Video abstract 38013 of original research paper ‘Colloidal gold-loaded, biodegradable, polymer-based stavudine nanoparticle uptake by macrophages: an in vitro study’ published in the International Journal of Nanomedicine by Basu S, Mukherjee B, Chowdhury SR, et al.
Objective: We describe the development, evaluation, and comparison of colloidal gold-loaded, poly(d,l-lactic-co-glycolic acid)-based nanoparticles containing anti-acquired immunodeficiency syndrome drug stavudine and uptake of these nanoparticles by macrophages in vitro.
Methods: We used the following methods in this study: drug-excipient interaction by Fourier transform infrared spectroscopy, morphology of nanoparticles by field-emission scanning electron microscopy, particle size by a particle size analyzer, and zeta potential and polydispersity index by a zetasizer. Drug loading and in vitro release were evaluated for formulations.
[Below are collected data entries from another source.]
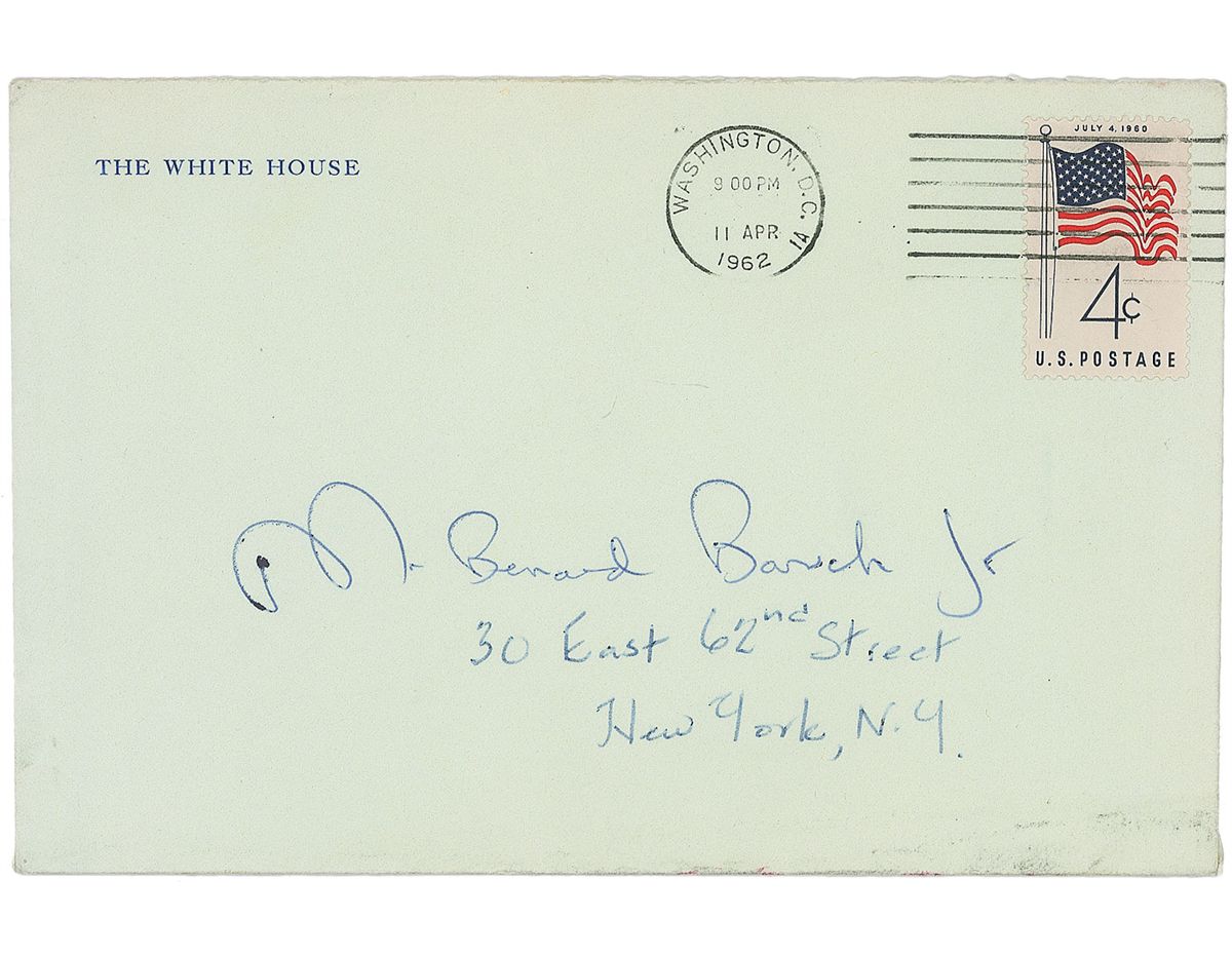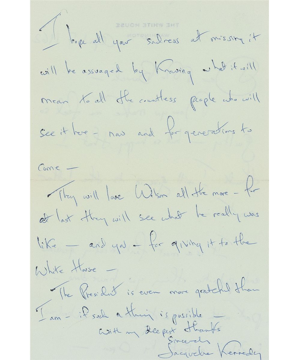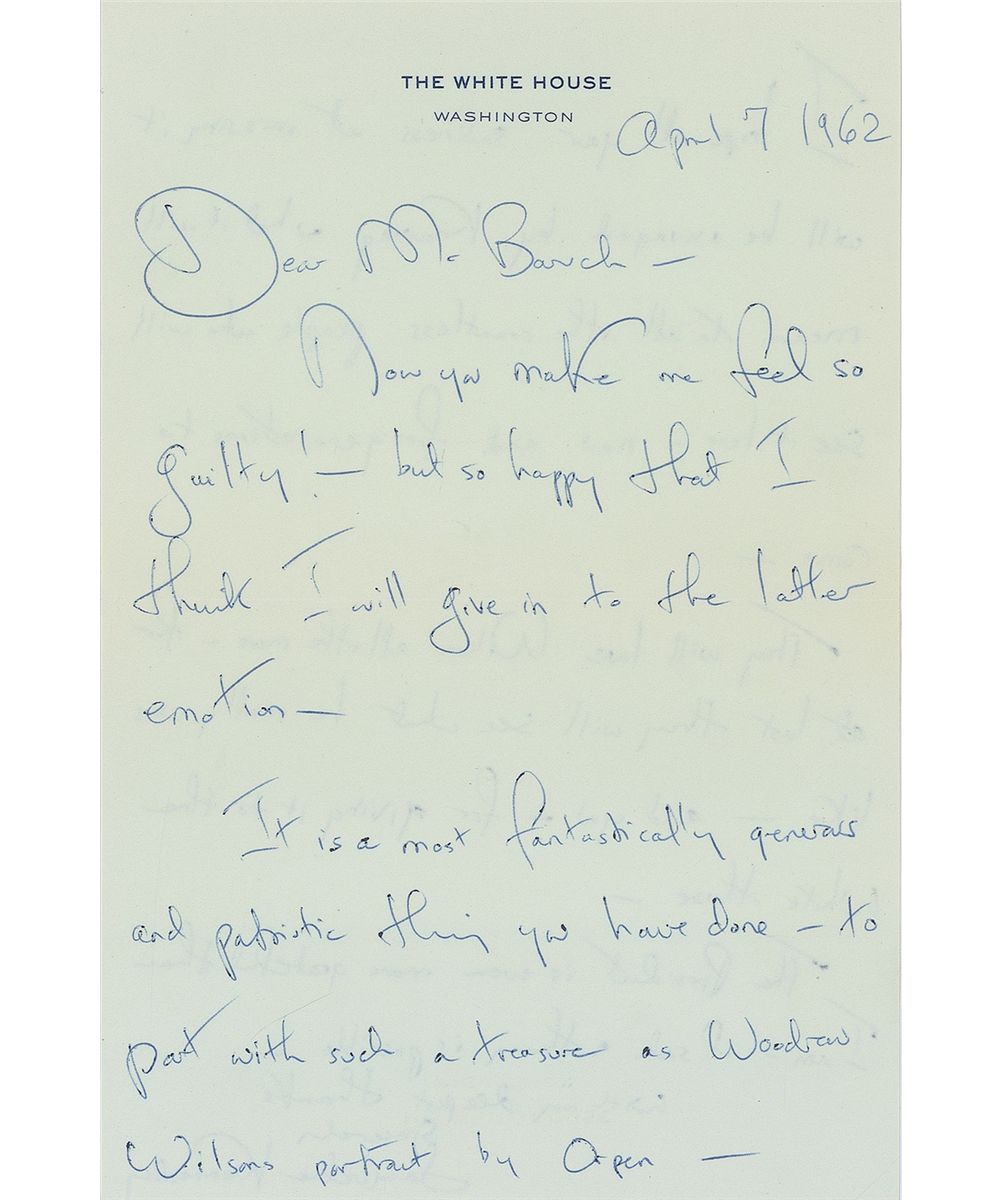 ALS as first lady, one page both sides, 6 x 9.25, White House letterhead, April 7, 1962. Letter to notable financier Bernard Baruch. In full: “Now you make me feel so guilty!—but so happy that I think I will give in to the latter emotion—It is a most fantastically generous and patriotic thing you have done—to part with such a treasure as Woodrow Wilson's portrait by [Sir William] Orpen—I hope all your sadness at missing it will be assuaged by knowing what it will mean to all the countless people who will see it here—now and for generations to come—They will love Wilson all the more—for at last they will see what he really was like—and you—for giving it to the White House—The President is even more grateful than I am—if such a thing is possible.” In fine condition. Accompanied by the original mailing envelope, addressed in Kennedy’s hand. As first lady, Jacquline Kennedy’s first major project was the restoration of the White House and promotion of its importance; she sent countless personal requests to those who owned pieces of historical interest that might be donated. In 1962, she published a guide book to the Executive Mansion in hopes of spreading knowledge of its history within the general citizenry.
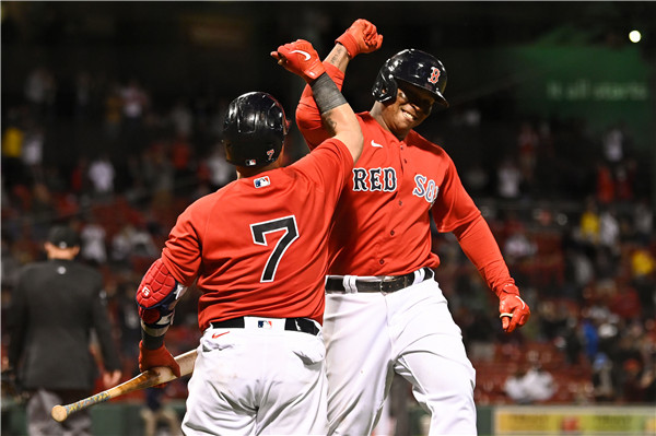 5月11日,美國馬薩諸塞州波士頓,波士頓紅襪隊的三壘手拉斐爾·德弗斯(11)在芬威球場第七局對奧克蘭運動家隊擊出一個本壘打後,與捕手克里斯蒂安·巴斯克斯(7)击肘慶祝。
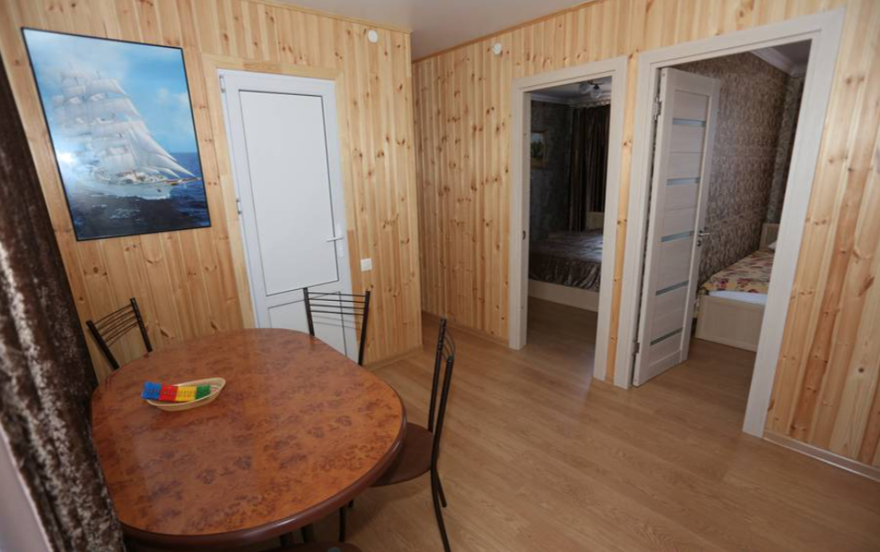 Есть все необходимое для проживания. Для размещения предлагаются комнаты в двухэтажном коттедже, рассчитанные на проживание до 4 человек. Просторные двухкомнатные и однокомнатные комнаты оборудованы новой мебелью, телевизором, сплит-системой, ванной комнатой и туалетом, внутри номера есть своя кухня, WI-FI.
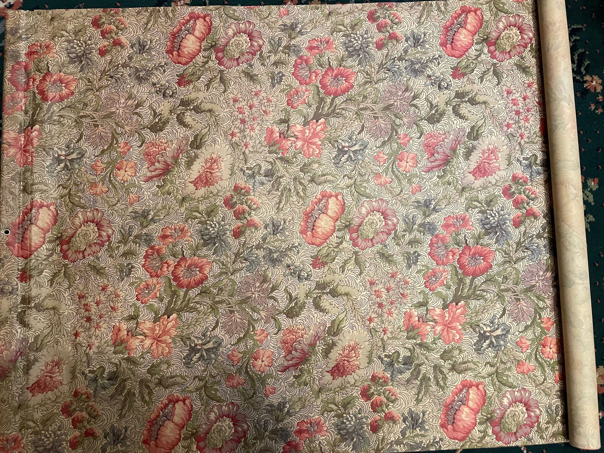 Floor to ceiling spring roller shade with floral pattern made by the Hartshorn Company.

The best formulation was incorporated with fluorescein isothiocyanate. Macrophage uptake of fluorescein isothiocyanate nanoparticles was studied in vitro.
Results: Variations in process parameters, such as speed of homogenization and amount of excipients, affected drug loading and the polydispersity index. We found that the drug was released for a prolonged period (over 63 days) from the nanoparticles, and observed cellular uptake of stavudine nanoparticles by macrophages.
Conclusion: Experimental nanoparticles represent an interesting carrier system for the transport of stavudine to macrophages, providing reduced required drug dose and improved drug delivery to macrophages over an extended period. The presence of colloidal gold in the particles decreased the drug content and resulted in comparatively faster drug release.